Recorded information:
########

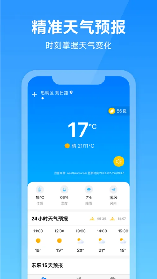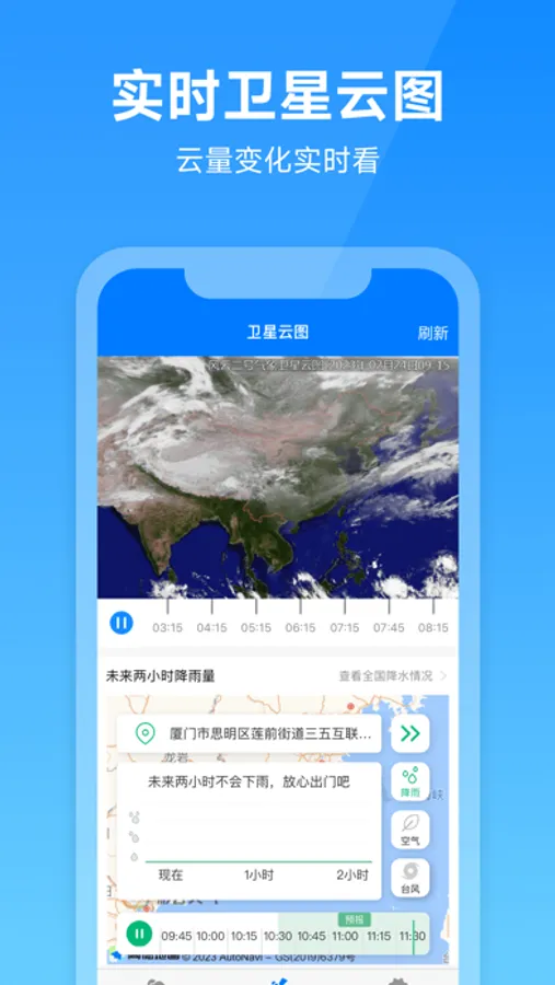 [实时天气预报]日出日落时刻精准,未来24小时的实时天气预报一目了然,每日推送天气通知帮助您养成每日查看天气预报的好习惯。
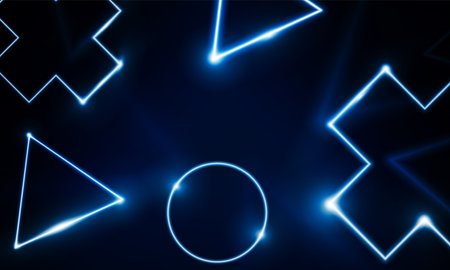 A striking display of glowing geometric shapes—diamonds, circles, and triangles—illuminates a sleek, dark backdrop. The vibrant neon blue light creates a modern and futuristic vibe, inviting viewers to explore the beauty of simplicity and design.
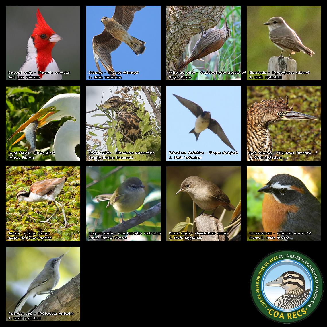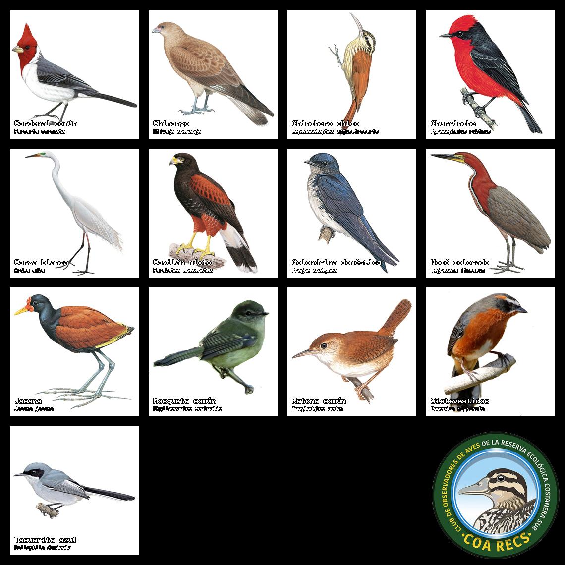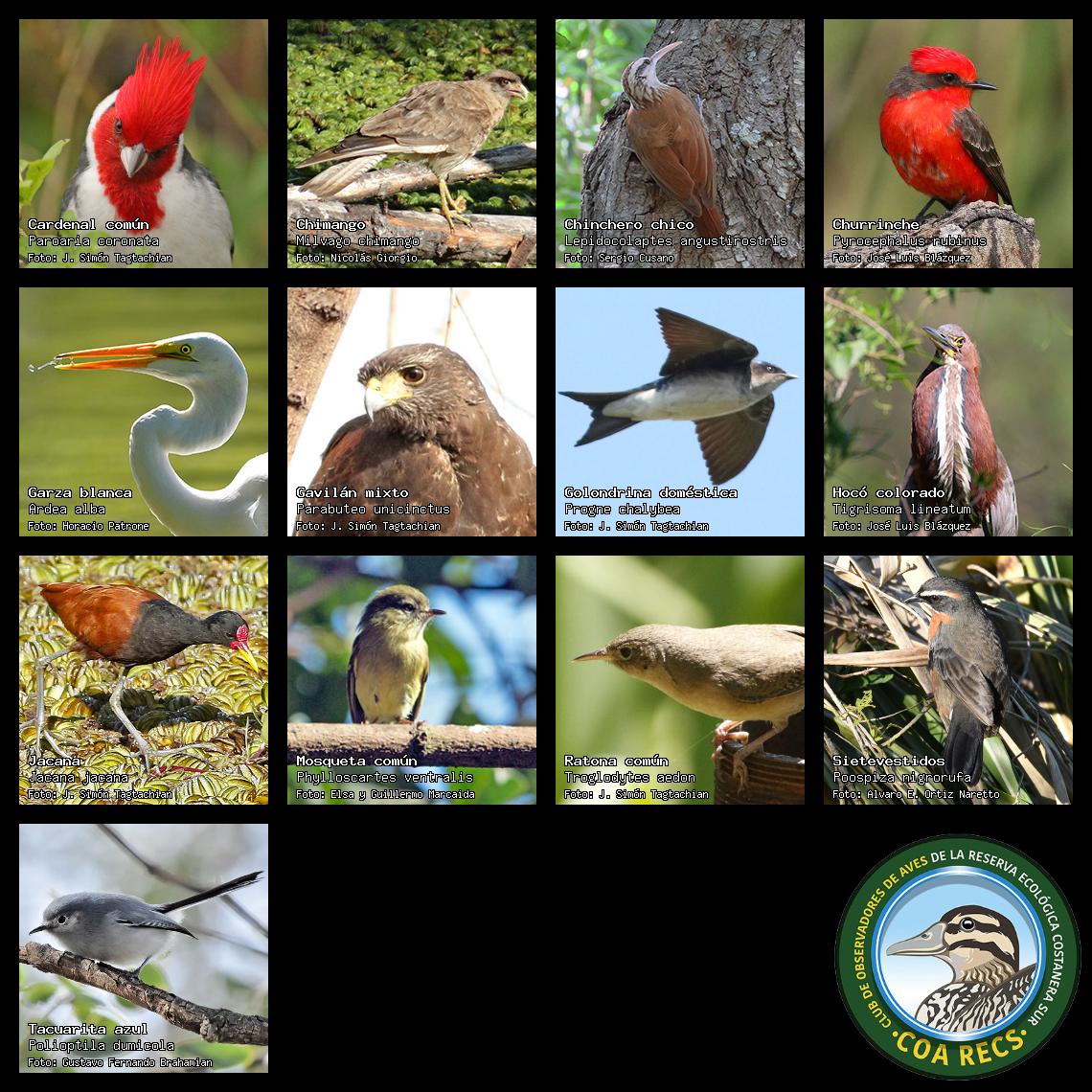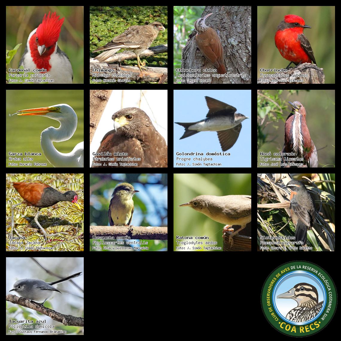 (Gavilán mixto, Carancho, Chimango, Benteveo común, Hornero, Carpintero real y Estornino pinto)
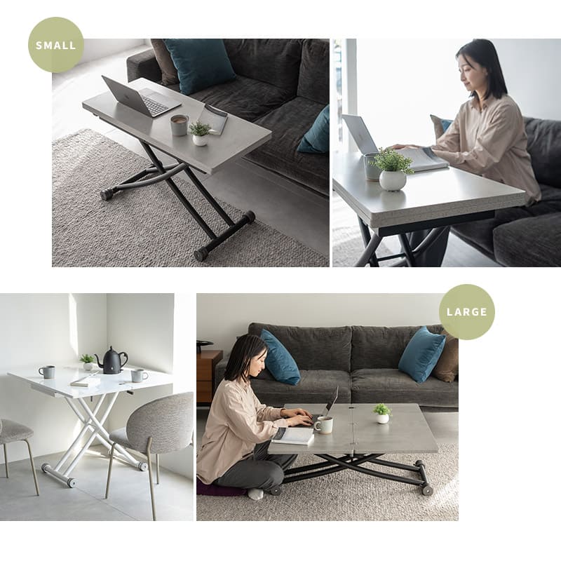 | サイズ | 通常時:約100×45cm 伸長時:約100×90cm 高さ:約18-75cm 脚:約幅45×奥行67-93cm |

########

What is required: Apart from the images, retype the full material exactly as written.

Response area:
 [实时天气预报]日出日落时刻精准,未来24小时的实时天气预报一目了然,每日推送天气通知帮助您养成每日查看天气预报的好习惯。
 A striking display of glowing geometric shapes—diamonds, circles, and triangles—illuminates a sleek, dark backdrop. The vibrant neon blue light creates a modern and futuristic vibe, inviting viewers to explore the beauty of simplicity and design.
 (Gavilán mixto, Carancho, Chimango, Benteveo común, Hornero, Carpintero real y Estornino pinto)
 | サイズ | 通常時:約100×45cm 伸長時:約100×90cm 高さ:約18-75cm 脚:約幅45×奥行67-93cm |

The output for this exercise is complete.